Records for the exercise:
%%
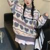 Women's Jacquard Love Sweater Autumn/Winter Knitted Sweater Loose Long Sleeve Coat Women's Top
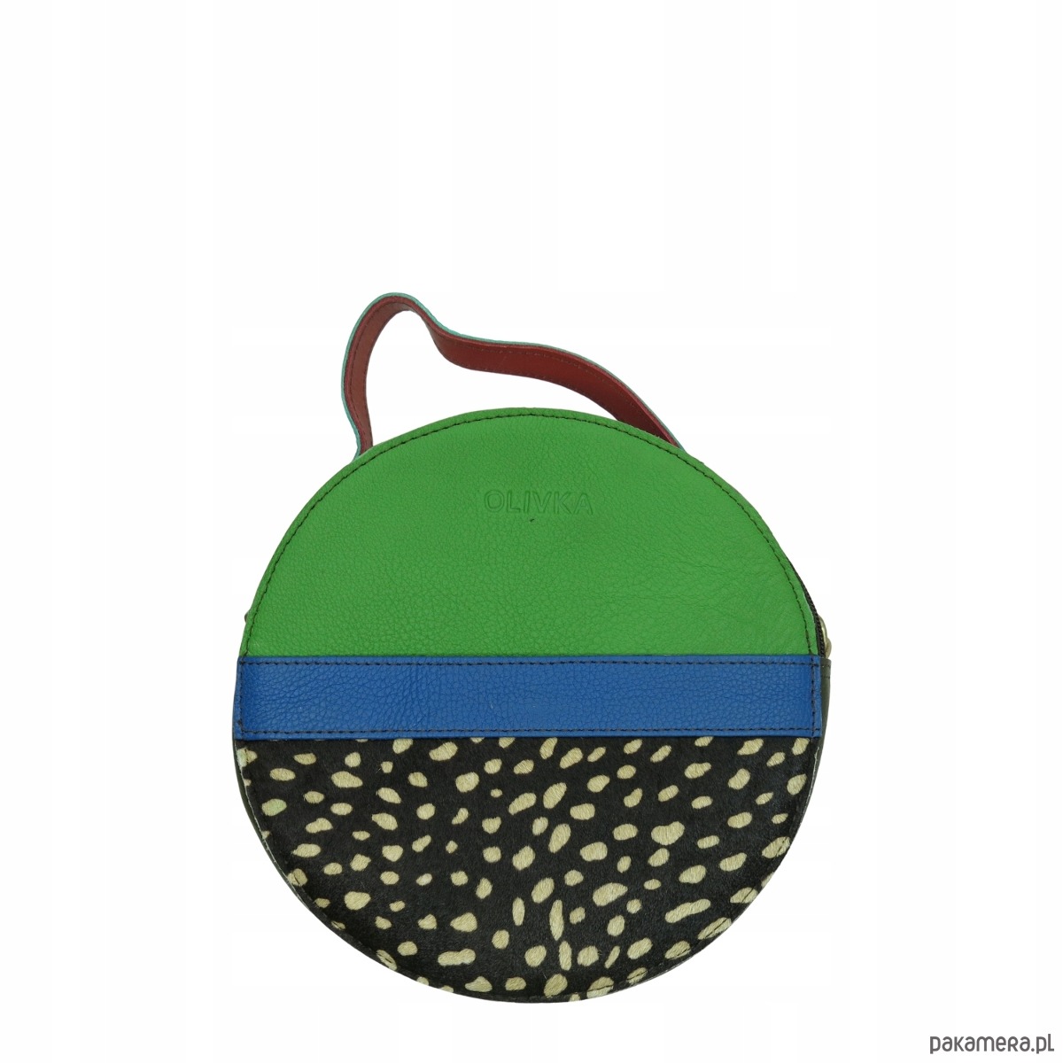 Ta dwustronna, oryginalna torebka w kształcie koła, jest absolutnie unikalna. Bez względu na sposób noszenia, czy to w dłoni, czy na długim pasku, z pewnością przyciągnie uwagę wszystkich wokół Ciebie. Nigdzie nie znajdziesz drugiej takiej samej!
%%
%%
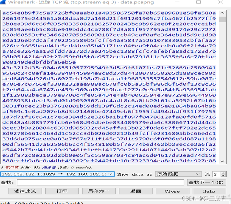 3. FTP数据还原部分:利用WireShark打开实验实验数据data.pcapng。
%%
%%
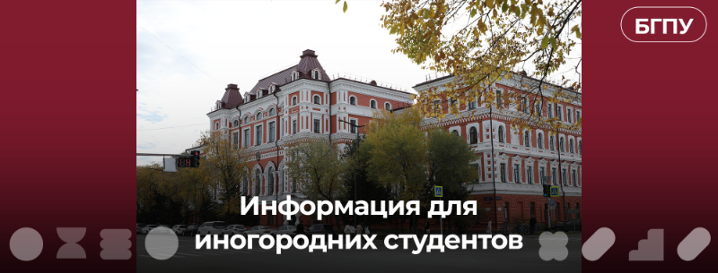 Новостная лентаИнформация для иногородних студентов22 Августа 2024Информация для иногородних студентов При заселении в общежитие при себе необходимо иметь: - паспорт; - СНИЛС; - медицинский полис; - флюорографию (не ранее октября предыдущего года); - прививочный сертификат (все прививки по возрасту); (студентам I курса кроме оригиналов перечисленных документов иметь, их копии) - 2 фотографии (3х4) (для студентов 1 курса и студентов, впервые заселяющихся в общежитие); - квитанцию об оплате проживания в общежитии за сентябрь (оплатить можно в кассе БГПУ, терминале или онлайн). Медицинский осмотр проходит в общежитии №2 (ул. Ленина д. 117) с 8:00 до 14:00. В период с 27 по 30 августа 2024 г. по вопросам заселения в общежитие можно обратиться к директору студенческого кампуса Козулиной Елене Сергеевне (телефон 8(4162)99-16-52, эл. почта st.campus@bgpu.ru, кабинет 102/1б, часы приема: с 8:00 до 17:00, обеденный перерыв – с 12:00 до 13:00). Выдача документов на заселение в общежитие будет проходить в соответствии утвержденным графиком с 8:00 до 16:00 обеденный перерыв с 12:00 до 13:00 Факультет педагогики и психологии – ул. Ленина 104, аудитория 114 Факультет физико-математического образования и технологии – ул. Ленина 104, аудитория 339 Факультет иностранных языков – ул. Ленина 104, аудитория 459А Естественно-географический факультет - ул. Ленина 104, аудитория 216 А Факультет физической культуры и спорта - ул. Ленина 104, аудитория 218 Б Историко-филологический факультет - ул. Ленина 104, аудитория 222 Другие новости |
%%
Brief:
Here the job is to copy the listing above word for word, starting at the line with "Women's Jacquard Love" and ending at the line with "Ta dwustronna, oryginalna", and to leave out the pictures.

Answer for the task:
 Women's Jacquard Love Sweater Autumn/Winter Knitted Sweater Loose Long Sleeve Coat Women's Top
 Ta dwustronna, oryginalna torebka w kształcie koła, jest absolutnie unikalna. Bez względu na sposób noszenia, czy to w dłoni, czy na długim pasku, z pewnością przyciągnie uwagę wszystkich wokół Ciebie. Nigdzie nie znajdziesz drugiej takiej samej!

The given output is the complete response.